## Task goal
The copy you return must match the listing word for word and carry no pictures.

## Recorded data
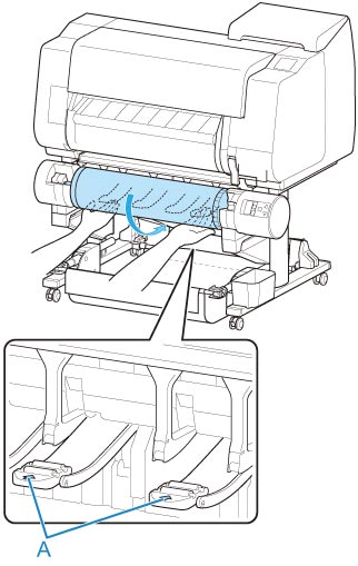 ロールユニットを給紙装置として使用する場合、バスケットのポジションによって、[フチなし印刷]や用紙セット時の[先端プレカット]で排出されるロール紙の切れ端がロールユニット内に入り込み、紙詰まりや印刷不良を起こす可能性があります。その場合は、バスケットのポジションを変えて使用してください。(「バスケットのポジション例」参照)
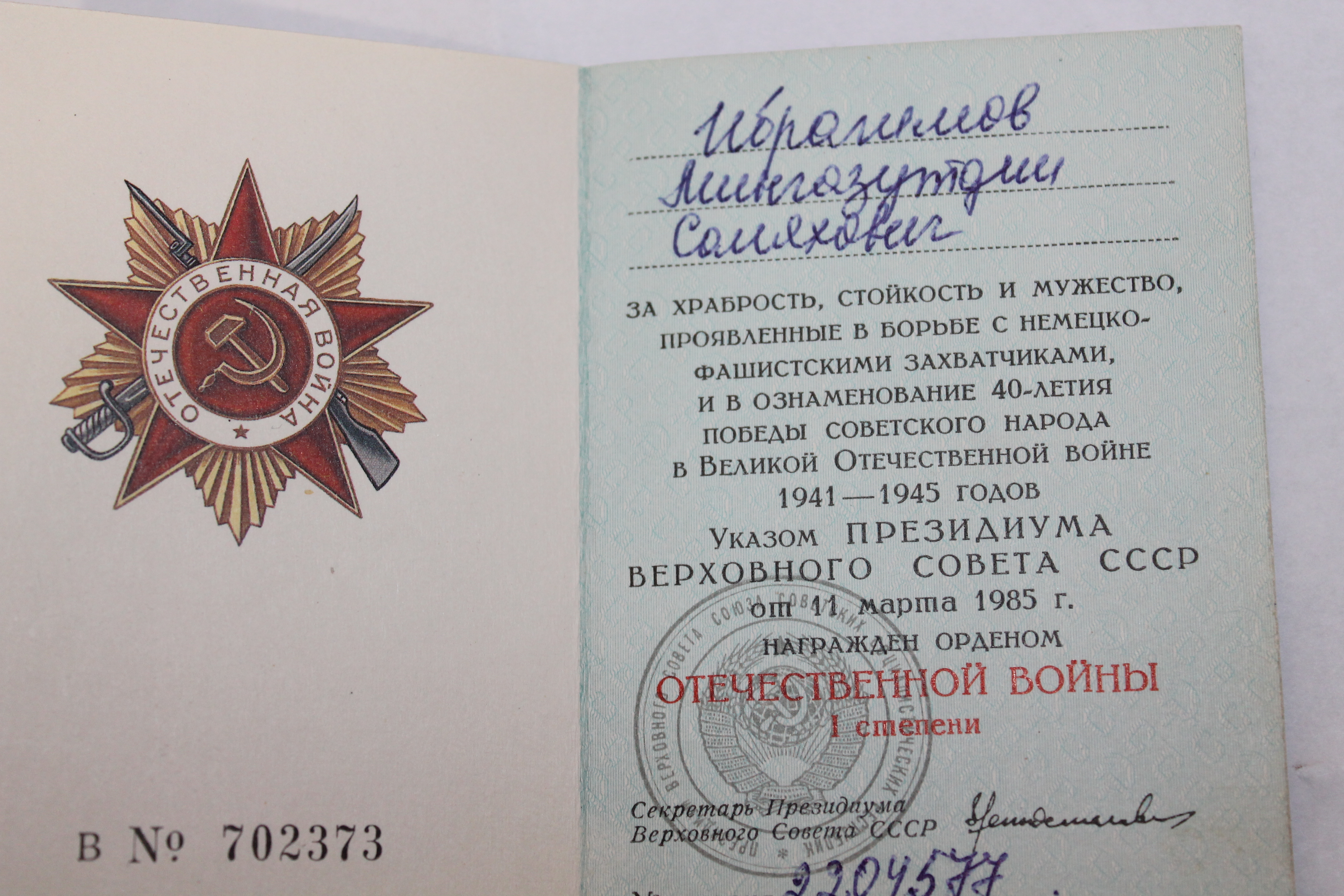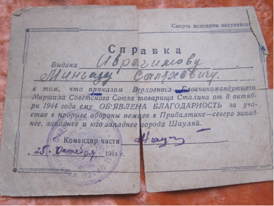 За боевые заслуги М.Ибрагимов награжден орденом Отечественной войны, медалями Жукова и «За победу над Германией». Среди документов бережно хранится Благодарность Сталина от 8 октября 1944 года за героизм и отвагу, проявленные во время прорыва обороны немцев в Прибалтике в районе города Шауляй.
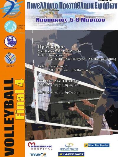 Ο Δήμος Ναυπακτίας, η Ελληνική Ομοσπονδία Πετοσφαίρισης (Ε.Ο.ΠΕ) και η Περιφέρεια Δυτικής Ελλάδας, διοργανώνουν την Τελική Φάση του Πανελλήνιου Πρωταθλήματος Βόλεϊ Εφήβων 2015-2016, στη Ναύπακτο.
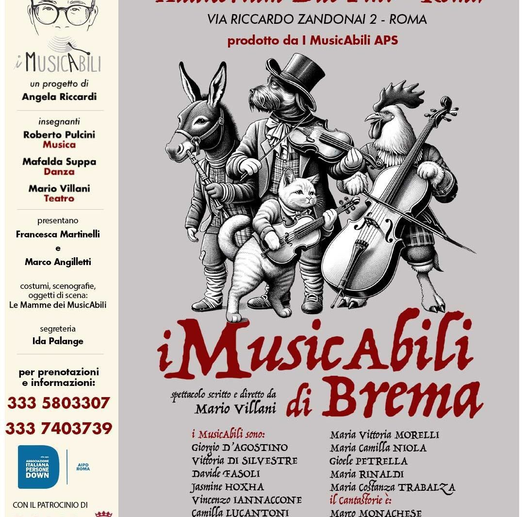 Arte, cultura e sociale animeranno il 4 ottobre alle ore 21.00 l’Auditorium “Due Pini” di Roma dove andrà in scena lo spettacolo “I MusicAbili di Brema”, un talentuoso show scritto e diretto dal regista Mario Villani che ha come protagonisti giovani artisti con e senza disabilità.

## Your solution
 ロールユニットを給紙装置として使用する場合、バスケットのポジションによって、[フチなし印刷]や用紙セット時の[先端プレカット]で排出されるロール紙の切れ端がロールユニット内に入り込み、紙詰まりや印刷不良を起こす可能性があります。その場合は、バスケットのポジションを変えて使用してください。(「バスケットのポジション例」参照)
 За боевые заслуги М.Ибрагимов награжден орденом Отечественной войны, медалями Жукова и «За победу над Германией». Среди документов бережно хранится Благодарность Сталина от 8 октября 1944 года за героизм и отвагу, проявленные во время прорыва обороны немцев в Прибалтике в районе города Шауляй.
 Ο Δήμος Ναυπακτίας, η Ελληνική Ομοσπονδία Πετοσφαίρισης (Ε.Ο.ΠΕ) και η Περιφέρεια Δυτικής Ελλάδας, διοργανώνουν την Τελική Φάση του Πανελλήνιου Πρωταθλήματος Βόλεϊ Εφήβων 2015-2016, στη Ναύπακτο.
 Arte, cultura e sociale animeranno il 4 ottobre alle ore 21.00 l’Auditorium “Due Pini” di Roma dove andrà in scena lo spettacolo “I MusicAbili di Brema”, un talentuoso show scritto e diretto dal regista Mario Villani che ha come protagonisti giovani artisti con e senza disabilità.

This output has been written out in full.